There is a large “valuation gap” between black and white homeowners.

The appraisal value of homes in predominantly black and Latino neighborhoods is often much lower than that of homes in predominantly white communities, according to a recent analysis by Freddie Mac.
The government’s chartered mortgage giant’s analysis includes more than 12 million home appraisals and shows where in the United States those appraisals were made. The researchers found that 12.5% ââof homes rated in black communities were rated at less than the home’s initial cost of building. That figure compares to 7.4% of homes in white neighborhoods and 9.4% of homes in Latin American areas, according to the analysis.
The differences suggest that there is a “valuation gap” among color owners and that it exists across the country, officials at Freddie Mac said. Michael Bradley, senior vice president of Freddie Mac, said in a statement that the gap “could also mean that families might miss out on all the wealth-building benefits of homeownership or might be unable to. get the funding needed to make the American dream come true in number one. “
For some black and Latino families, owning a home is the first step in building generational wealth. A valuation spread would likely prevent these households from increasing their home equity, which would reduce their chances of borrowing against the property or selling it for a better profit later.
In addition to the valuation gap found by Freddie Mac, studies have shown that black and Latino homebuyers have a more difficult time to get a mortgage – and when they acquire a loan, it sometimes carries a higher interest rate than for whites in similar economic circumstances. In some cases, real estate agents are known to steer black buyers to less desirable areas.
In April, homeownership rates for blacks, Hispanics and whites in the United States were 44%, 47% and 74%, respectively, according to data from the St. Louis Fed.
Years of discrimination
To some extent, the data collected by Freddie Mac – who buys mortgages from commercial banks to help lower the costs of borrowing to buy a home – validates the many anecdotal allegations of discrimination that black and Latino homeowners say they have. suffered for years.
An African-American homeowner who had her home in a historic Indianapolis neighborhood valued at $ 110,000, although the actual value was closer to $ 259,000. Owner Carlette Duffy is now suing the appraiser who she says undervalued her property, the Indianapolis Star reported.
In Ohio, black homeowners Erica and Aaron Parker reportedly had their home appraised for $ 465,000. The couple then decided to remove their family photos and replace them with photos of white people before getting a second review, USA Today reported. The second valuation was $ 557,000.
Housing discrimination experts say Freddie Mac’s analysis highlights the racial bias prevalent in home ratings.
âWhat you have is arguably the most data-rich organization that publishes a scathing report on valuers,â Brookings senior associate Andre Perry told CBS MoneyWatch. “It’s the biggest authority on housing, and they’re basically saying there’s a rater bias that robs people of wealth.”

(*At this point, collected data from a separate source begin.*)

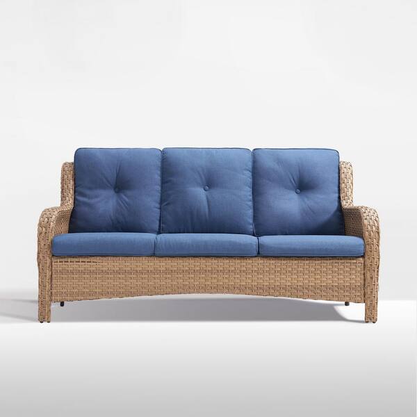 ArcoBay Metal and Yellow Wicker Outdoor 3-Seat Sectional Couch Sofa with Olefin Navy Blue Cushions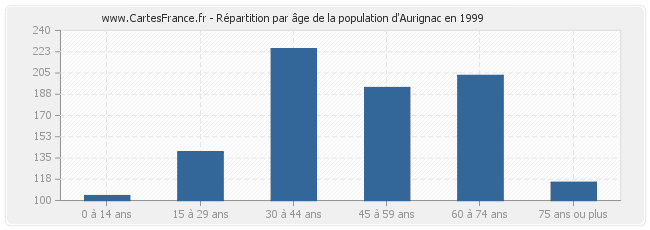 - Population d'Aurignac de 30 à 44 ans : 232 habitants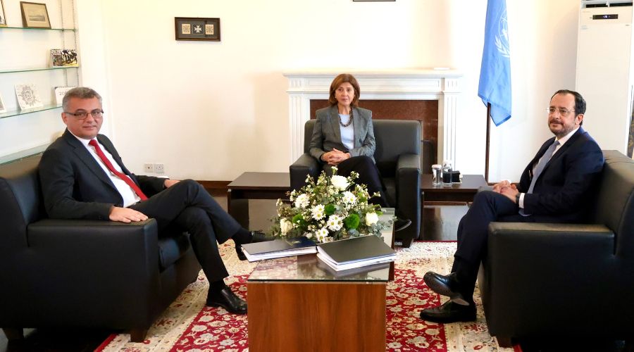 Σε εξέλιξη βρίσκεται η συνάντηση του Προέδρου της Δημοκρατίας, Νίκου Χριστοδουλίδη με τον Τουρκοκύπριο ηγέτη, Τουφάν Έρχιουρμαν στην παρουσία της προσωπικής απεσταλμένης του Γενικού Γραμματέα του ΟΗΕ Μαρία Άνχελα Ολγκίν.
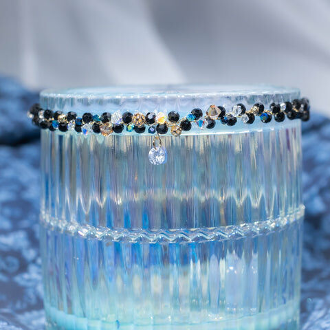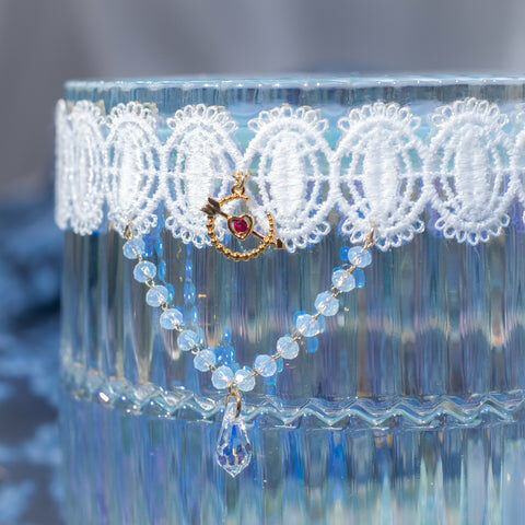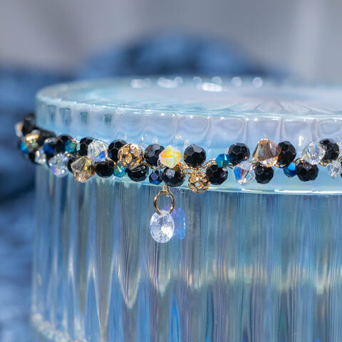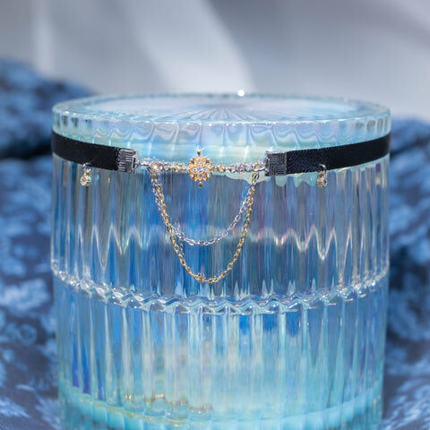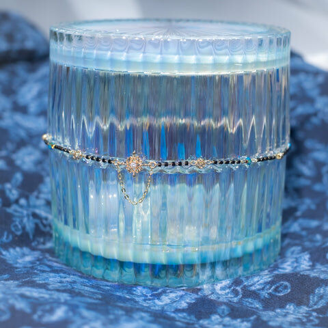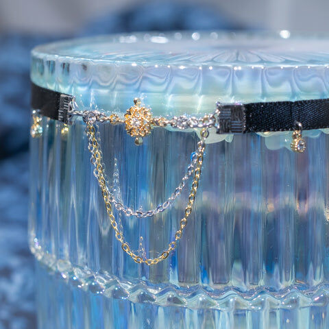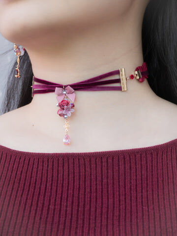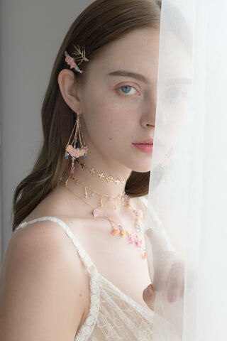 鍍金線 | 施華洛世奇水晶 | 手製樹脂黏土花 | UV膠強化保護層 | 絲帶布料

The report also highlights the role of automated property appraisal services as a means to combat racism, added Perry, author of “Know Your Price: Valuing Black Lives and Property in America’s Black Cities.”
“It will force the [appraisal] the industry really has to deal with its members and with racism, âhe said. âIf you have an authority like Freddie issuing this report, there should be some type of follow-up and advice on how to hold people accountable. “
Freddie Mac’s data was based on ratings of single-family homes in the nation’s top 30 metropolitan areas, submitted between January 2015 and December 2020. The research does not explain the cause of the discrepancy.